* Exercise directions
Only the lines from the start of the data through the line containing "Цвет #AF99A9 в" should be written out, exactly as they are, with both ends included and the pictures left out.

* Dataset extract

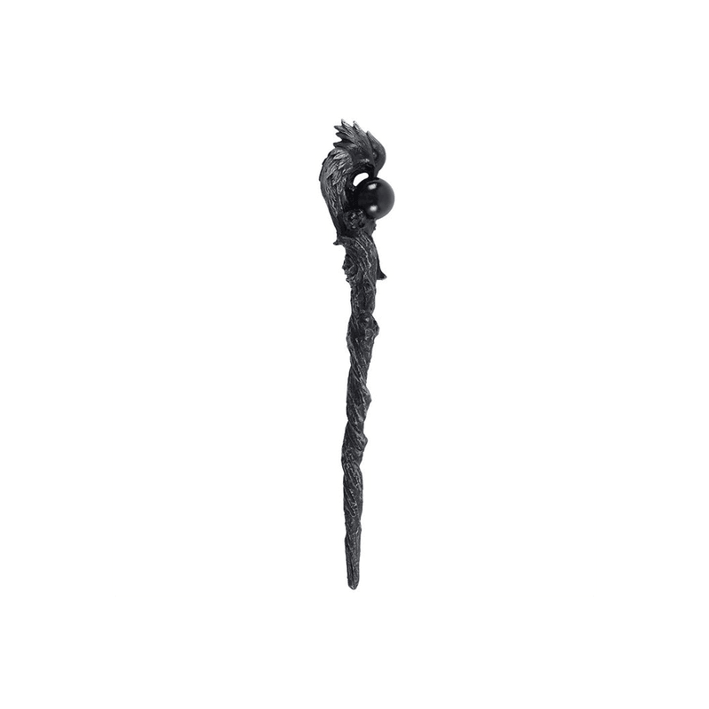 A wand for the dark witches and wizards, this special style features a red-eyed raven perched over an inky, black sphere atop a twisting, moulded branch. At 24cms long, this resin wand is the perfect size for casting spells. Handle with care. Product Dimensions: H24cm x W3cm x D3cm Packaged Dimensions: H27.5cm x W6.5cm x D6.5cm
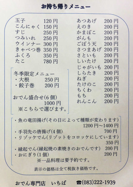 外に飲みにいけない分、一人暮らしの人でもおうちで満足できるよう、店長はじめスタッフの心がこもった品々だ。これらの商品は電話で予約できる。ただし、オードブルとお刺身盛り合わせは前日までの予約が必要。引き渡し時間は午後3時から8時まで。出前はしていない。
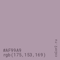 Цвет #AF99A9 в цветовой модели RGB обозначается тремя октетами (175, 153, 169) в десятичном формате и #AF99A9 в шестнадцатиричном (hex) формате, которые являются интенсивностью красного 175 (hex AF), интенсивность зелёного 153 (hex 99) и интенсивность синего 169 (hex A9).
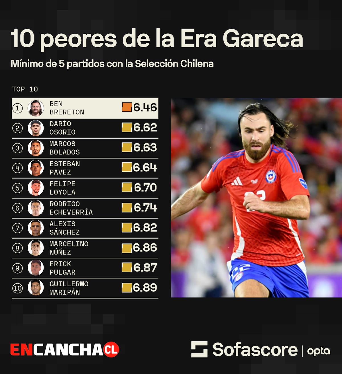 Pasamos, ahora, a esos jugadores que, por algún u otro motivo, no estuvieron a la altura de los desafíos de la Selección. Ahora, con el futbolista que menos rindió hay un gran pero, ya que conocida es que Gareca, de frentón “no le tiene buena” a Ben Brereton.

* Solution for this task
 A wand for the dark witches and wizards, this special style features a red-eyed raven perched over an inky, black sphere atop a twisting, moulded branch. At 24cms long, this resin wand is the perfect size for casting spells. Handle with care. Product Dimensions: H24cm x W3cm x D3cm Packaged Dimensions: H27.5cm x W6.5cm x D6.5cm
 外に飲みにいけない分、一人暮らしの人でもおうちで満足できるよう、店長はじめスタッフの心がこもった品々だ。これらの商品は電話で予約できる。ただし、オードブルとお刺身盛り合わせは前日までの予約が必要。引き渡し時間は午後3時から8時まで。出前はしていない。
 Цвет #AF99A9 в цветовой модели RGB обозначается тремя октетами (175, 153, 169) в десятичном формате и #AF99A9 в шестнадцатиричном (hex) формате, которые являются интенсивностью красного 175 (hex AF), интенсивность зелёного 153 (hex 99) и интенсивность синего 169 (hex A9).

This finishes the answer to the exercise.